RECORDED DATA section start

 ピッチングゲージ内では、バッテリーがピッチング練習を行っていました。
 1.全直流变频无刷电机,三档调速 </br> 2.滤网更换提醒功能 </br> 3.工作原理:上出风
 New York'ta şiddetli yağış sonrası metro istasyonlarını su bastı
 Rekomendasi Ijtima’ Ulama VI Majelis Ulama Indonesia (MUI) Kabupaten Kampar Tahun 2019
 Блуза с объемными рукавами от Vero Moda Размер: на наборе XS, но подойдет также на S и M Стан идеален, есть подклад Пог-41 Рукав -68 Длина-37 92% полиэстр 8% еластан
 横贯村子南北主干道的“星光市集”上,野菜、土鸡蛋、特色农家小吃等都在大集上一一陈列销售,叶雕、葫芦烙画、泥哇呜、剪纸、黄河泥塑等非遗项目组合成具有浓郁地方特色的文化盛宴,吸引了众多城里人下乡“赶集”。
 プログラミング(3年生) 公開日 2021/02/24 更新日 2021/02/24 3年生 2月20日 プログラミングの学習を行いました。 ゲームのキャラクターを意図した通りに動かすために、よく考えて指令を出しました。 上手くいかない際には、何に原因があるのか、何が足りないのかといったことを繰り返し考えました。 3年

RECORDED DATA section end
RECORDED DATA section start

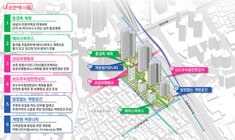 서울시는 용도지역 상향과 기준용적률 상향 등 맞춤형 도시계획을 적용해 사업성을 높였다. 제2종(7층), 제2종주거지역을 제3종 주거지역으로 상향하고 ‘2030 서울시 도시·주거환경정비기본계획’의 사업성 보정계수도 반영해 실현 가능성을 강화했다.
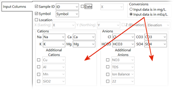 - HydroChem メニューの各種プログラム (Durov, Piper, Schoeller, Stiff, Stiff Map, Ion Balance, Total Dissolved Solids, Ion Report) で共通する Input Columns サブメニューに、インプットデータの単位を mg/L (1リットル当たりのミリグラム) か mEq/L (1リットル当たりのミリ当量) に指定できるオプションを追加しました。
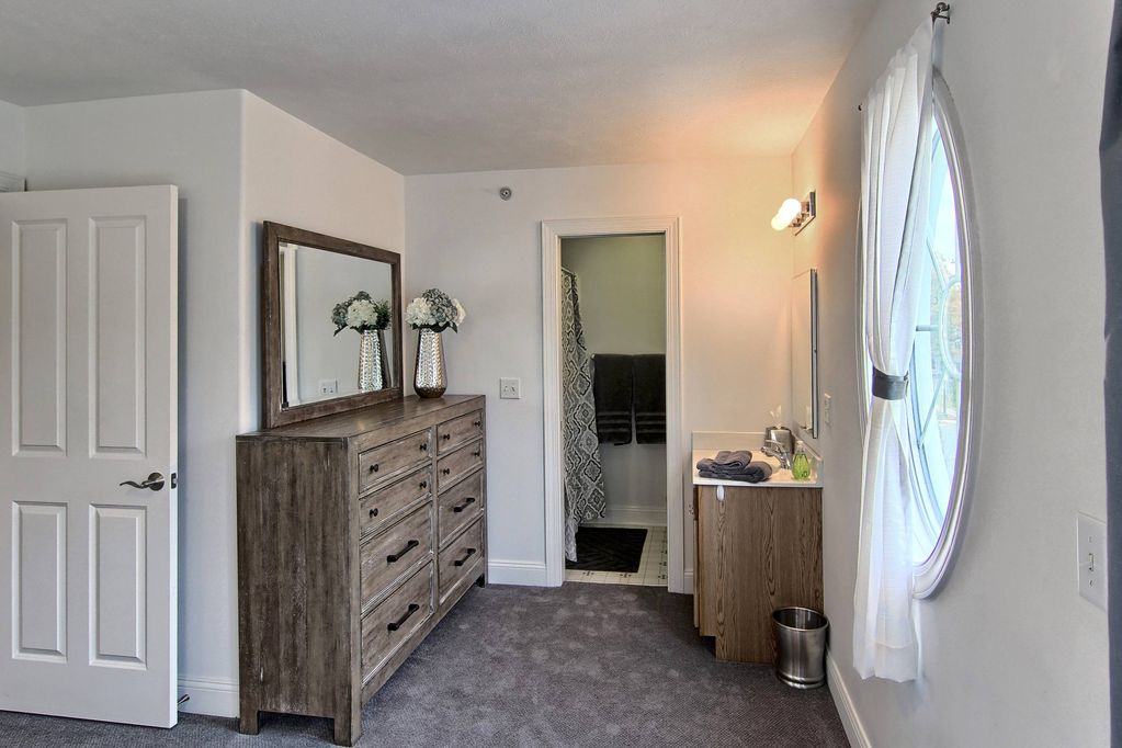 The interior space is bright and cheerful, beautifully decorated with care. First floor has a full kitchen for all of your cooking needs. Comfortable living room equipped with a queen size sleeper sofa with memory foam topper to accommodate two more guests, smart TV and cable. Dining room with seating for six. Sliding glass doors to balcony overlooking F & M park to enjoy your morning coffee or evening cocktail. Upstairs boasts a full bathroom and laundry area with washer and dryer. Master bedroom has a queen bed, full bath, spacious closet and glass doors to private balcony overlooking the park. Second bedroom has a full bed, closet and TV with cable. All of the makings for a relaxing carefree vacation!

RECORDED DATA section end

> [WORK ITEM]:
Copy out the lines above exactly, beginning at the one that contains "New York'ta şiddetli" and ending at the one that contains "プログラミング(3年生) 公開日 2021/02/24".

> [EXERCISE RESULT]:
 New York'ta şiddetli yağış sonrası metro istasyonlarını su bastı
 Rekomendasi Ijtima’ Ulama VI Majelis Ulama Indonesia (MUI) Kabupaten Kampar Tahun 2019
 Блуза с объемными рукавами от Vero Moda Размер: на наборе XS, но подойдет также на S и M Стан идеален, есть подклад Пог-41 Рукав -68 Длина-37 92% полиэстр 8% еластан
 横贯村子南北主干道的“星光市集”上,野菜、土鸡蛋、特色农家小吃等都在大集上一一陈列销售,叶雕、葫芦烙画、泥哇呜、剪纸、黄河泥塑等非遗项目组合成具有浓郁地方特色的文化盛宴,吸引了众多城里人下乡“赶集”。
 プログラミング(3年生) 公開日 2021/02/24 更新日 2021/02/24 3年生 2月20日 プログラミングの学習を行いました。 ゲームのキャラクターを意図した通りに動かすために、よく考えて指令を出しました。 上手くいかない際には、何に原因があるのか、何が足りないのかといったことを繰り返し考えました。 3年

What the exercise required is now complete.